Д.Н. Мамин-Сибиряк Не укажешь… Рассказ

I

Летнее душное утро. Солнце поднялось без лучей, в кровавом зареве. Воздух стоит неподвижно, точно расплавленный металл. Земля уже две недели томится засухой, а дождя все нет. Громадное село Вершинино точно вымерло. Нет обычного оживления, деловой суеты и движения. В воздухе точно висит роковая мысль о засухе. Широкая улица пуста, и только кой-где у завалинок копошится белоголовая деревенская детвора. Некоторые признаки жизни замечаются в двух пунктах — у кабака и волостного правления. У волости стоят две пустых телеги и привязана к столбу хромая лошадь. В тени ворот лежит волостной пес Гарька; он высунул язык и изнемогает от наливающегося зноя. Все окна в волости распахнуты настежь, но эта крайняя мера не достигает цели — в комнате и душно, и пыльно, тяжело.

— Вот так жарынь навалилась… — изнемогающим тоном повторяет староста Вахромей, не обращаясь, собственно, ни к кому. Здоровенный староста вообще испытывает угнетающую тоску, когда сидит за столом. Кажется, и дела никакого нет, а тяжело сидеть чурбаном. Вон старшина, седенький и лысенький старичок, бывший содержатель постоялого двора, тот увяз в дела и читает какие-то бумаги, которые ему подсовывает писарь Костя, кудрявый молодой человек с зеленоватыми глазами. У писаря всегда дело, и он вечно скрипит пером, скорчившись над бумагами.

— Хоть бы дождичка… — уныло тянет староста, отмахиваясь рукой от мухи, которая стремится сесть непременно на его нос. — Вот бы как хорошо!..
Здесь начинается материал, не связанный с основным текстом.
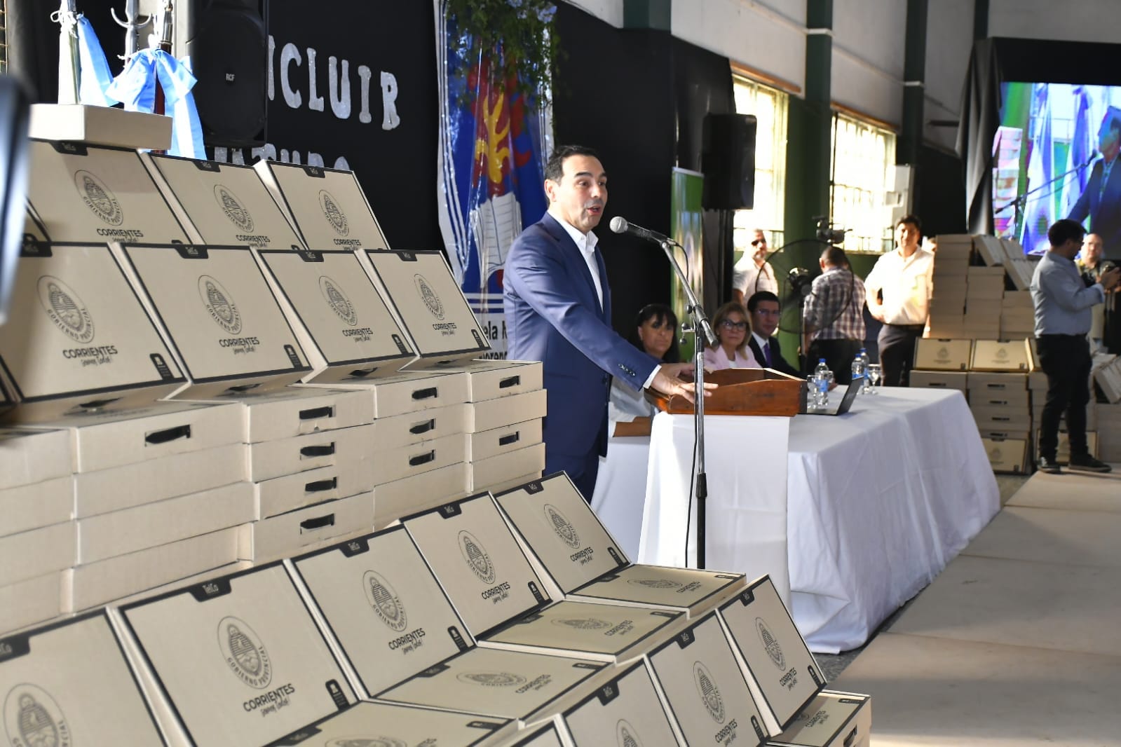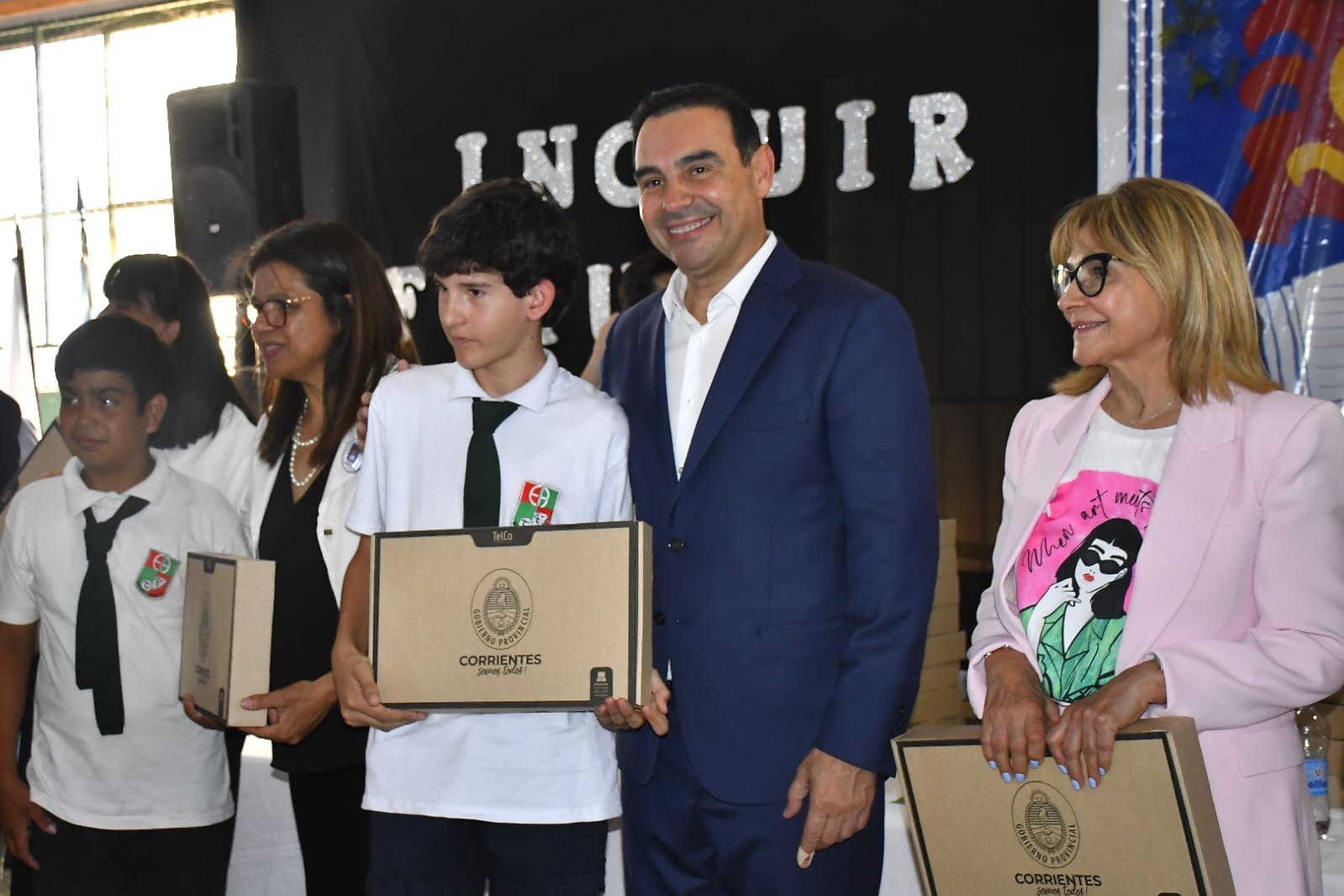 Allí, el Mandatario correntino celebró que de esta manera la ciudad se convirtió en la primera de gran población de la provincia en donde la totalidad de los alumnos cuentan con una computadora.

— Ты бы шел домой, Вахромей, — советует старшина, — а то зря только торчишь тут…

— А што я буду дома делать?.. Здесь-то все же на людях…

— Право бы шел, — продолжает советовать старшина. — Делать тебе нечего, ну, богу бы помолился насчет бездождия. Ты у нас наместо дьякона — столько же работы…

Старшина — ядовитый старичонка и не упускает случая поязвить добродушного и глуповатого старосту. В свободное время писарь Костя помогает ему в этом скромном занятии, и случалось не раз, что разозленный Вахромей бросался с кулаками на Костю, и писарь спасал свою приказную душу бегством. Но сейчас Вахромей не может даже сердиться и только моргает заплывшими жиром свиными глазками. До обеда еще далеко, а тут хоть ложись да помирай. В голове Вахромея проползает мысль о том, что хоть бы конокрада поймали — все же развлечение. Кроме начальства, сейчас в волости всего два мужика, которые почтительно стоят у дверей и внимательно следят за писарем, как тот выправляет им новые паспорта. Вообще ничего интересного… Староста слушает, как храпит сторож Ипат в своей каморке, как где-то жужжит муха, как воркуют голуби, — опять скучно. Хоть бы бабы подрались и пришли судиться, или Тришку-буяна привели, или завернул бы сторож Агап, который вечно жалуется на зятьев, — хоть бы что-нибудь этакое подходящее. Небось, в ненастье, особливо в осеннюю пору, так все и прут в волость, а теперь ни одна собака не забежит. Чтобы развлечься хотя немножко, Вахромей принялся ловить муху. Он закрывал глаза и ждал, когда она усядется к нему на нос, но муха оказалась хитрее и не поддавалась этой уловке. Это невинное занятие неожиданно было прервано топотом босых ног сейчас под окном. Вахромей высунулся в окно и закричал:

— Куда вас, пострелов, несет? Вот ужо я вас!..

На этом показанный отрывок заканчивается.